Eine so begründete Verpflichtung zum Ersatz des Vertrauensschadens bedeutet indessen einen indirekten Zwang zum Vertragsabschluß. Dieser Zwang läuft dem Zweck der Formvorschrift von § 313 Satz 1 BGB zuwider, nach der wegen der objektiven Eigenart des Vertragsgegenstandes eine Bindung ohne Einhaltung der Form verhindert werden soll (Senat, BGHZ 116, 251, 257). Im Bereich nach § 313 Satz 1 BGB zu beurkundender Rechtsgeschäfte löst der Abbruch von Vertragsverhandlungen, deren Erfolg als sicher anzunehmen war, durch einen der Verhandlungspartner daher auch dann keine Schadensersatzansprüche aus, wenn es an einem triftigen Grund für den Abbruch fehlt (Senat. Urt. v. 8. Oktober 1982, V ZR 216/81, WM 1982, 1436, 1437; Reinicke/Tiedtke, ZIP 1989, 1093, 1101).

b) Die Nichtigkeitsfolge eines Verstoßes gegen die Formvorschrift von § 313 Satz 1 BGB hat indessen zurückzutreten, wenn sie nach den gesamten Umständen mit Treu und Glauben schlechthin nicht zu vereinbaren ist, etwa weil sie die Existenz des anderen Vertragsteils gefährdet (BGHZ 12, 286; 23, 249) oder ihre Geltendmachung eine besonders schwerwiegende Treupflichtverletzung bedeutet (BGHZ 29, 6, 10 f; 48, 396, 397 ff; 85, 315, 318 f).

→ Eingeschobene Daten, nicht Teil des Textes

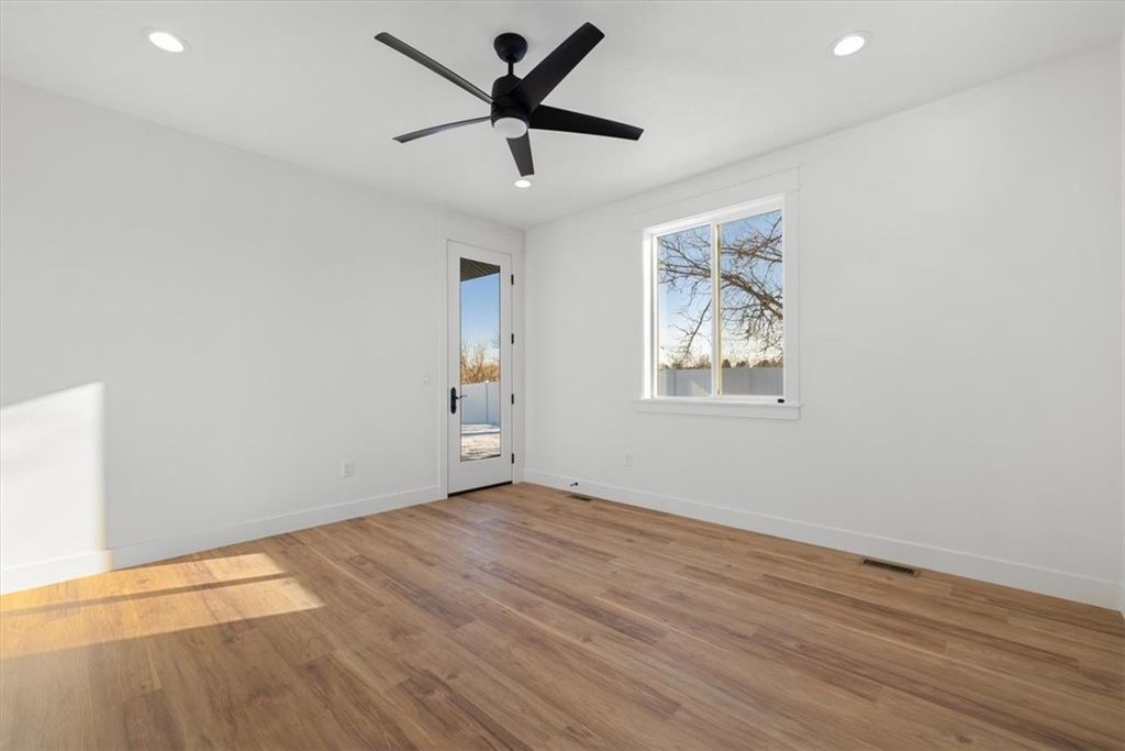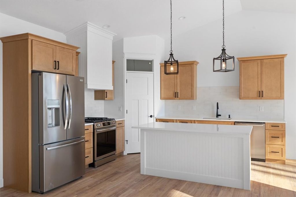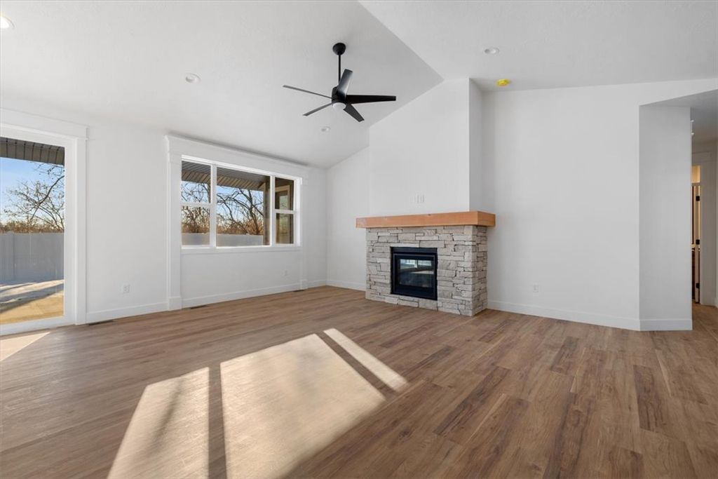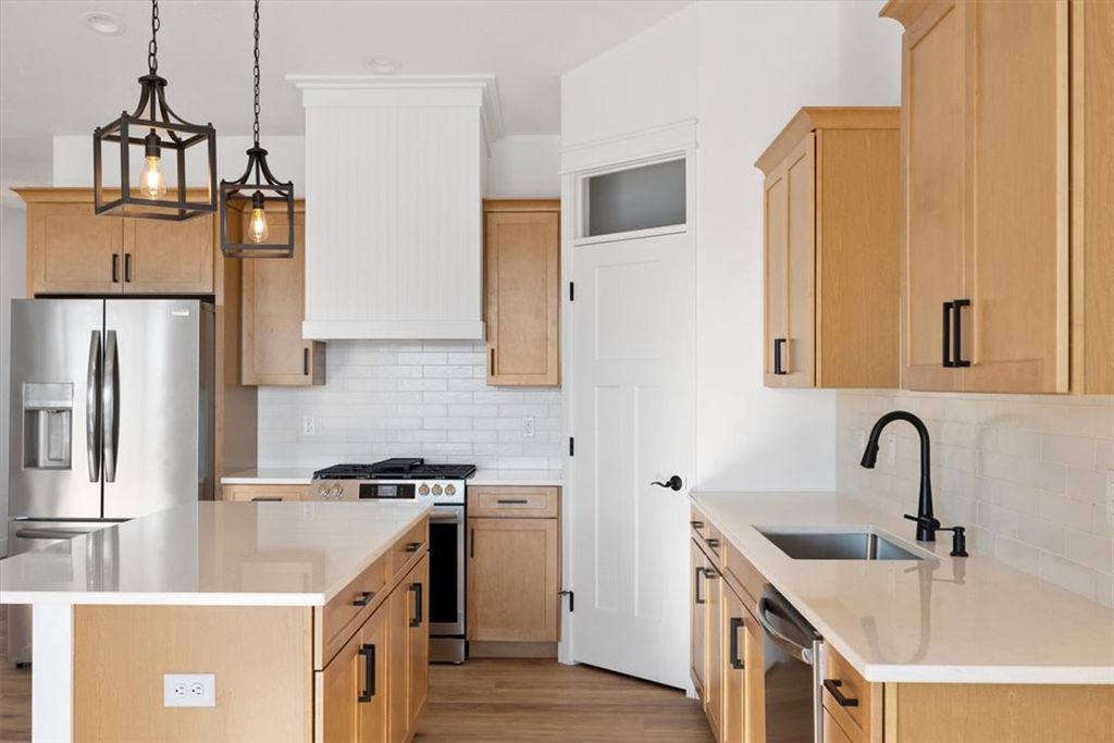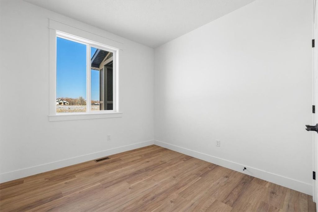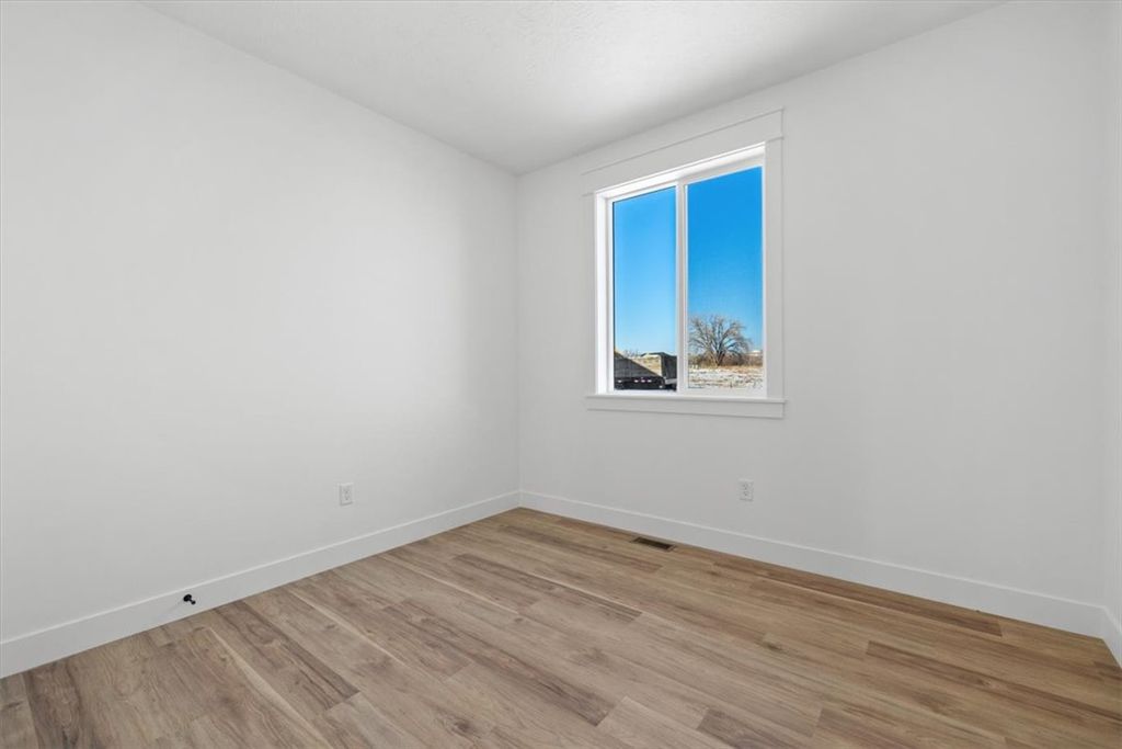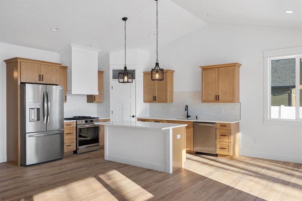 Welcome to this stunning new construction home located in the quiet Bitterroot Heights Subdivision. This 3 bedroom, 2 bath residence offers a well designed layout with a 2 car garage and beautiful finishes throughout. Thoughtful details like custom trim work and cohesive design choices create a polished yet comfortable living space. The kitchen is highlighted by warm wood cabinetry, white hard surface countertops, a tile backsplash, gas range, and custom hood, complemented by modern black hardware for a clean, contemporary look. The primary suite features a bright white tile shower, offering a fresh and relaxing retreat. Step outside to a covered patio overlooking natural open space, providing privacy and a peaceful backyard setting. Bitterroot Heights is known for its calm, out of town atmosphere while still being conveniently close to shopping, dining, and everyday amenities. This move in ready home is ready to welcome its new owners.

Von diesen Grundsätzen ist auch bei der Beantwortung der Frage auszugehen, ob ein Verhandlungspartner bei Abbruch der Verhandlungen unter dem Gesichtspunkt der culpa in contrahendo verpflichtet ist, Aufwendungen des anderen zu ersetzen. Die Verantwortlichkeit des Verhandlungspartners unterliegt daher keinen Einschränkungen im Hinblick auf die Formbedürftigkeit des abzuschließenden Vertrages, sofern die Berufung auf den Formmangel zurückzuweisen ist (BGHZ 92, 164, 175 f). Soweit dies daraus folgt, daß das Verhalten des in Anspruch Genommenen sich als besonders schwerwiegender Treueverstoß darstellt, kommt damit in der Regel nur eine vorsätzliche Treupflichtverletzung als Grundlage eines Schadenersatzanspruchs aus culpa in contrahendo in Betracht, wie sie im Vorspiegeln tatsächlich nicht vorhandener Abschlußbereitschaft liegt (Senat. Urt. v. 18. Oktober 1974, V ZR 17/73, NJW 1975, 43; Soergel/Wiedemann, aaO. vor § 275 BGB Rdn. 135; Reinicke/Tiedtke, aaO, 1096).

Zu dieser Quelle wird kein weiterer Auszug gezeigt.